- Garden Hills Elementary School
- U.S. Historic district – Contributing property
- Location: 285 Sheridan Dr NE, Atlanta, Georgia
- Coordinates: 33°49′54″N 84°22′42″W﻿ / ﻿33.8316°N 84.3783°W
- Built: 1938
- Architect: Tucker and Howell
- Website: atlantapublicschools.us/gardenhills
- Part of: Garden Hills Historic District (ID87001362)
- Designated CP: August 17, 1987

= Garden Hills Elementary School =

Garden Hills Elementary School is an elementary school in Garden Hills, Atlanta, Georgia and a part of Atlanta Public Schools (APS).

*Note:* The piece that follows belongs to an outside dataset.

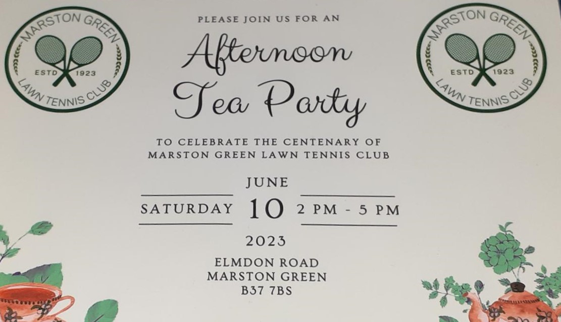 For a hundred years, Marston Green Lawn Tennis Club has been at the heart of the local community, making tennis a game that is available for everyone to play, and where people can be part of a social space, which also welcomes the wider non-playing community. The tea party to celebrate the hundred year anniversary is an example of this, with 45 people attending after receiving the invitations.

Built in 1938, the brick school building is a work of Atlanta architect Philip Shutze. It was built by as a part of the Works Progress Administration (WPA) and was made to blend in with surrounding architectural styles. Robert M. Craig, author of Atlanta Architecture: Art Deco to Modern Classic, 1929-1959, described the school as "[representing] a traditional work by" designer Tucker and Howell. The building most recently underwent a renovation/addition in 2001, when a cafeteria and a section of classrooms were added.

It enrolls children in kindergarten through fifth grade. The principal is Stacy, Perot

It is a contributing property in the Garden Hills Historic District on the National Register of Historic Places.

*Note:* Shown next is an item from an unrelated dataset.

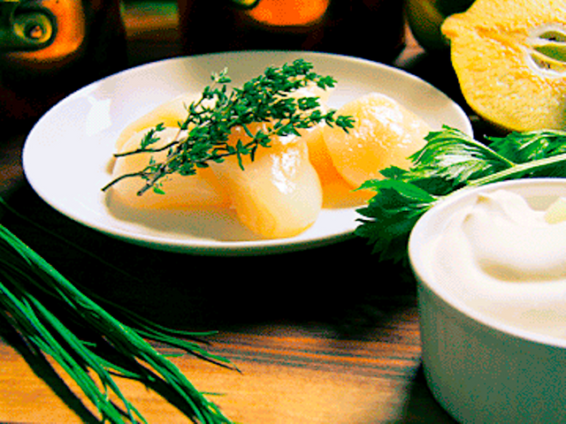 Jakobsmuscheln mit Maronipüree, Quitten und Selleriecreme

Garden Hills was the first elementary school in Georgia to become an International Baccalaureate World School.

==Extracurricular programs==
In 1997 the Atlanta Journal-Constitution wrote that the school's orchestra, which had 75 students, some of whom did not natively speak English, "won acclaim", and Anne Sheldon, the teacher overseeing the program, stated that the school's faculty has "absolute commitment to the program" and that the students were "very, very dedicated."

==Student body and attendance zone==
In 1987 the school had about 400 students, with about 73 coming from the 287-unit Piedmont Court and East Wesley Apartments, known for hosting various waves of refugees, including from the Cuban Revolution, the Vietnam War, and the Soviet–Afghan War. Nehl Horton of the Atlanta Journal-Constitution wrote that Garden Hills accordingly "has a well-developed and successful program for international students." A spokesperson for the apartment residents stated that "The international component[...]has brought Atlanta recognition around the country from teachers of English as a second language." In 1987 the Atlanta Zoning Board decided to approve an application to have the property rezoned for higher density use, which would mean demolition.

In 2003 about 50% of the students were Hispanic or Latino. At that time it had a number of students who were born outside of the United States.

==Feeder patterns==
Residents zoned to Garden Hills are also zoned to: Sutton Middle School and North Atlanta High School.